● **RECORDED INFORMATION**
++++++++++++++++++++

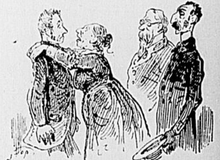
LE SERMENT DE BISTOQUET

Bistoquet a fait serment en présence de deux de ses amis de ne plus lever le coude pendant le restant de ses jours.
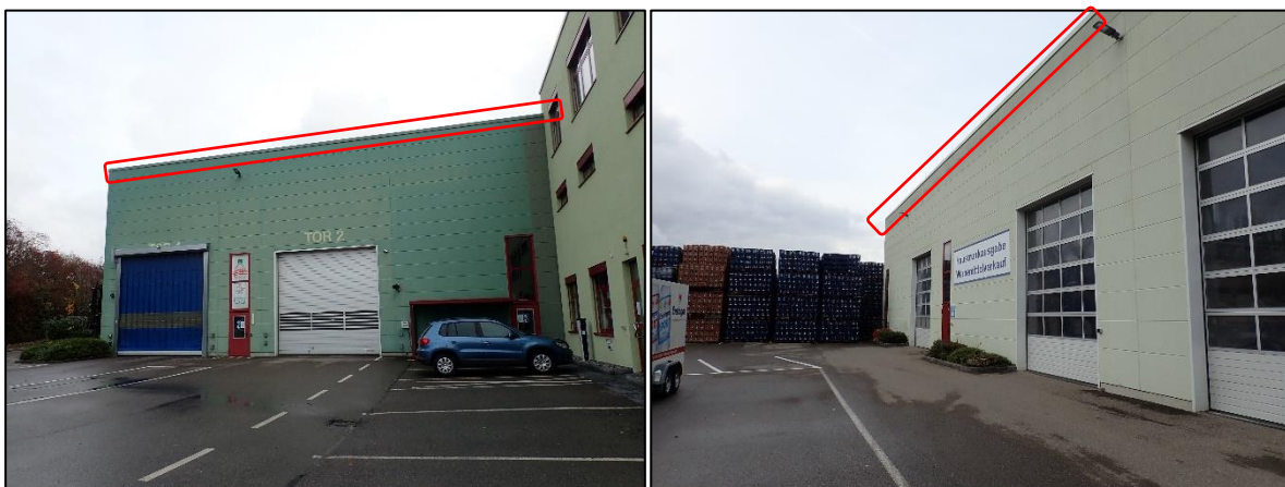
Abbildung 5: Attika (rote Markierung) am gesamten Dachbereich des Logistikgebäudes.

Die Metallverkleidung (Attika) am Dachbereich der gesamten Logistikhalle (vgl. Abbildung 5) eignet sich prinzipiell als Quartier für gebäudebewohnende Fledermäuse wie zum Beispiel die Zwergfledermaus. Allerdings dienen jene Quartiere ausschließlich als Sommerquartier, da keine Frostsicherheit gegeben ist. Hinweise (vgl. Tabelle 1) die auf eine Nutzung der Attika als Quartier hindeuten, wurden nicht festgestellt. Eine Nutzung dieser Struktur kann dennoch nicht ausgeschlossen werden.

++++++++++++++++++++

● **YOUR GOAL**
Copy the listing above in full and exactly, but omit each picture that it holds.

● **ANSWER TO THIS PROBLEM**
LE SERMENT DE BISTOQUET

Bistoquet a fait serment en présence de deux de ses amis de ne plus lever le coude pendant le restant de ses jours.
Abbildung 5: Attika (rote Markierung) am gesamten Dachbereich des Logistikgebäudes.

Die Metallverkleidung (Attika) am Dachbereich der gesamten Logistikhalle (vgl. Abbildung 5) eignet sich prinzipiell als Quartier für gebäudebewohnende Fledermäuse wie zum Beispiel die Zwergfledermaus. Allerdings dienen jene Quartiere ausschließlich als Sommerquartier, da keine Frostsicherheit gegeben ist. Hinweise (vgl. Tabelle 1) die auf eine Nutzung der Attika als Quartier hindeuten, wurden nicht festgestellt. Eine Nutzung dieser Struktur kann dennoch nicht ausgeschlossen werden.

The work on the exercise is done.